まちもり「Aさん、お久しぶりです。入院されていたんですね?」
(お薬手帳をお預かりするので、どういう経緯・病気か大体分かるんです)
Aさん「膵臓癌が見つかってね。ただ、手術できる状態だったからとってもらったよ。何本も管につながれて大変だったけど、今は外来で治療できるから。」
AさんのHbA1cが上昇したのを確認していた時期、薬局にはHbA1cの上昇から膵臓癌が見つかる患者さんが急に増えていたんです。
Aさんも検査したかな~っと思いつつ日々の業務でバタバタ。
「ついつい」ではすまない後回しでした。
その後
現在も再発なくAさんはご来店いただいています。
つい先日は選挙のお話で盛り上がりました。
不思議な政党がいくつもあるけど、ネットで政策をみてると意外といいこと書いているらしい。

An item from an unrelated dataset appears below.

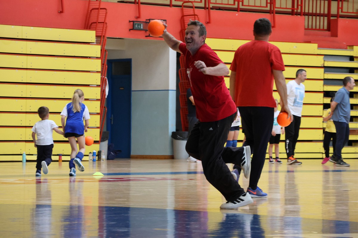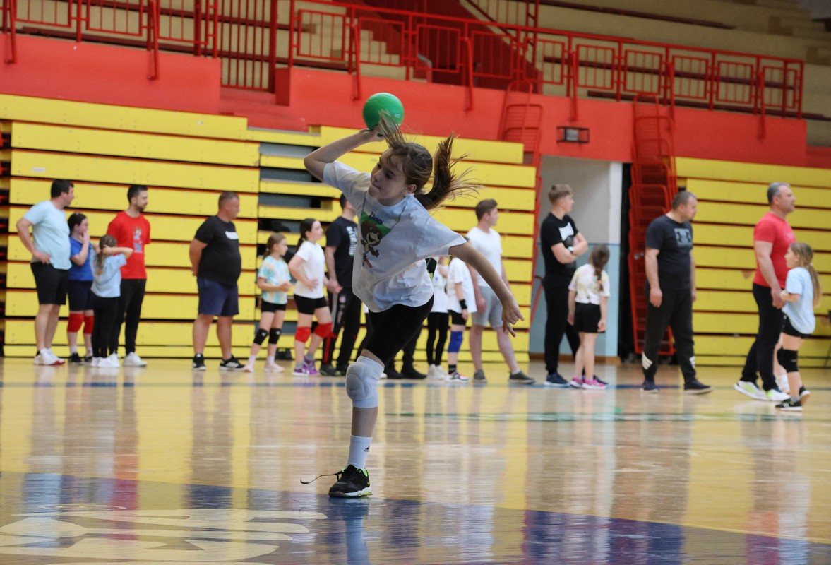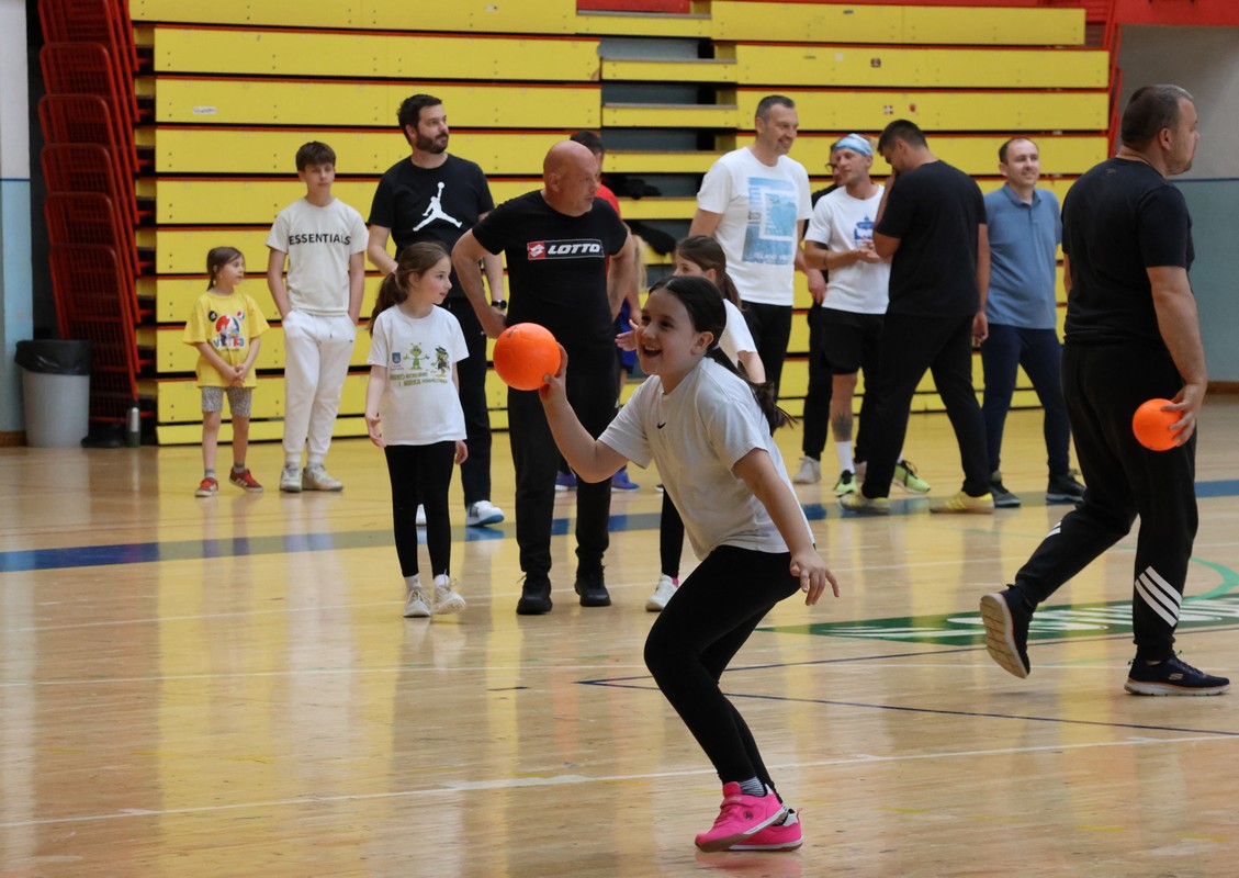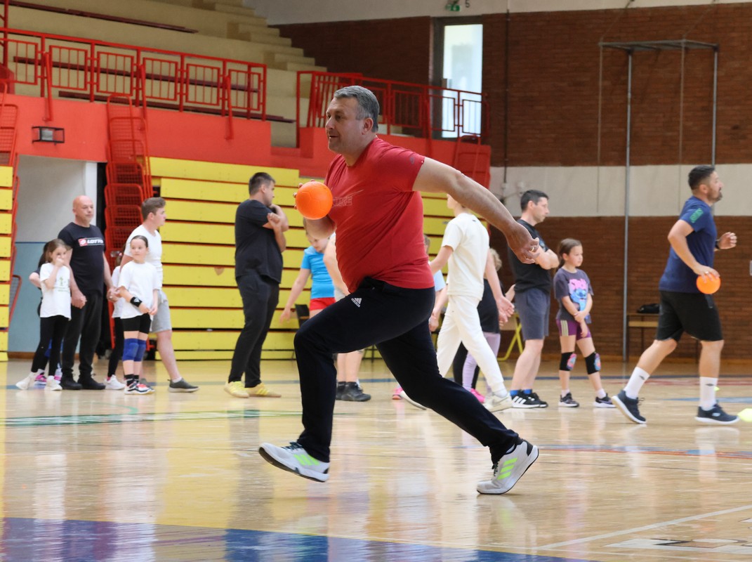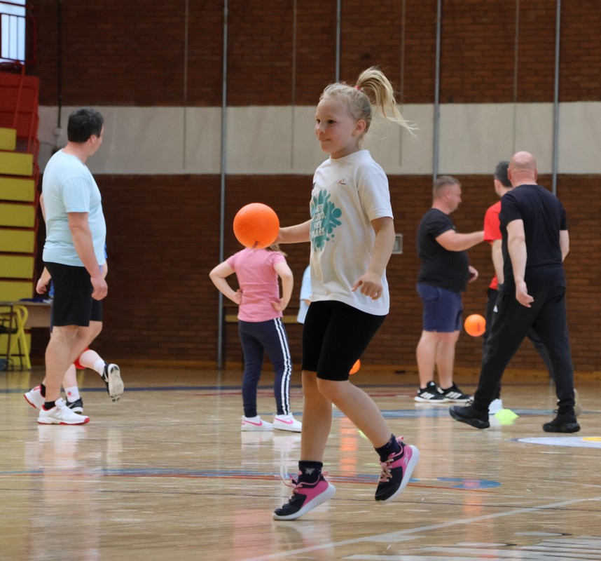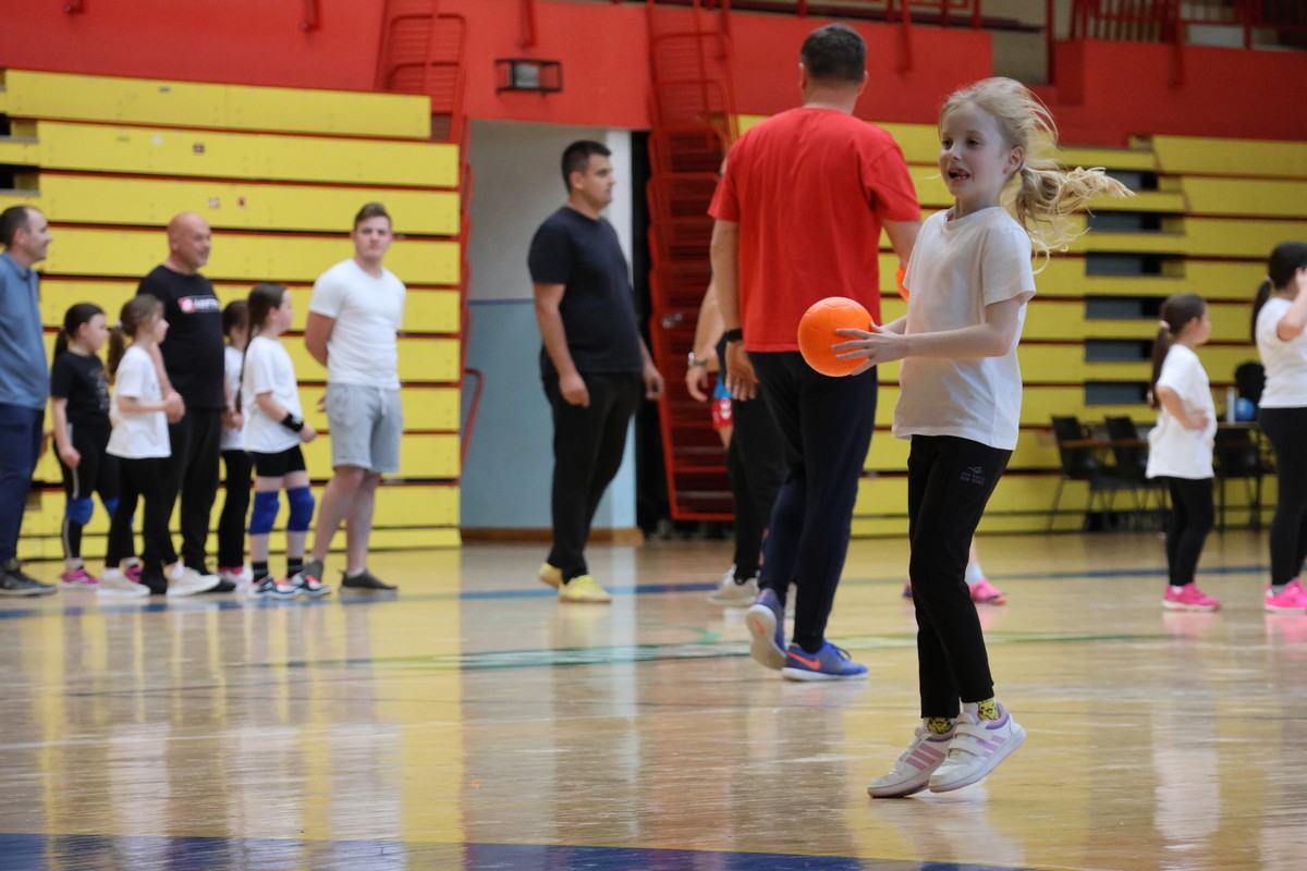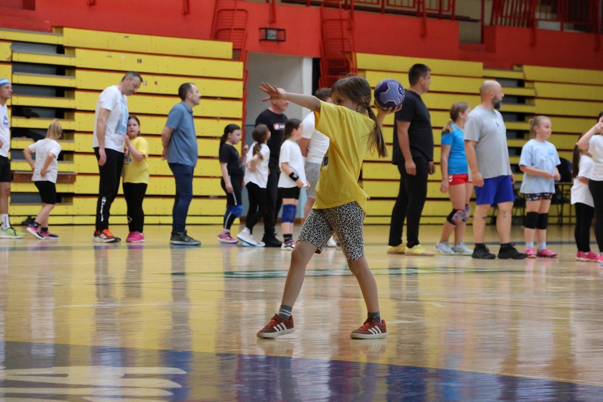 U sklopu projekta Dadathlon, inicijative koju provodi Hrvatska udruga tata, a koja promiče aktivno i kvalitetno provođenje vremena roditelja i djece, u sportskoj dvorani Srednje škole Koprivnica jučer je održan poseban zajednički trening naših U8 i U10 rukometašica zajedno s njihovim očevima, braćom i obiteljima.

同じような雑談をしつつも、私は今日も薬剤師の仕事をしています。
考察
今回のケースでは、幸運にも手術可能域で膵臓癌が見つかり手術をすることができましたが、もし手術ができない状況で見つかっていれば、私が「今度また検査したか聞いてみようか。HbA1cが上がってきたのは生活習慣のせいだろう。膵臓癌ではなかろう。」という考えで一度は検査を勧めたものの、積極的に勧めなかった期間が致命的になっていたかもしれません。
「Aさんは食事療法、運動療法は継続して行っています。HbA1cの上昇はありえません。膵臓癌の可能性があるので検査してください。」
こう言えたら楽ですが、自覚症状なくHbA1cが軽度上昇したくらいでは腹部エコーやCTなんてしません。急激に悪化したのであれば検査されると思いますが。
(あくまで偏見に似た私の考えですので、誤っていたら申し訳ございません)
HbA1cの上昇は
「本当は運動量を減らしていた」
「間食や食事量を増やしていた」
「薬を飲み忘れていた」
「最近悩みが多くてイライラしていた」
なんてことが原因にもなります。
ですから自覚症状のないHbA1cの軽度上昇だけでは膵臓癌は疑いません。
病院にはいえなくとも、Aさんの性格や生活習慣まで把握していた状態だったからこそ膵臓癌を疑ってAさんをもっと早く誘導(受診勧奨)できたんじゃないかと後悔しています。
これが100回疑った内の1回だったとしても、99回は取り越し苦労であったとしても、何かしら行動を起こすべきであったと思っています。
「やっぱりそうだった」「あのときもっと強く勧めていれば」
後出しじゃんけんは何の役にも立たないこと、手遅れではすまないことを思い知ることになりました。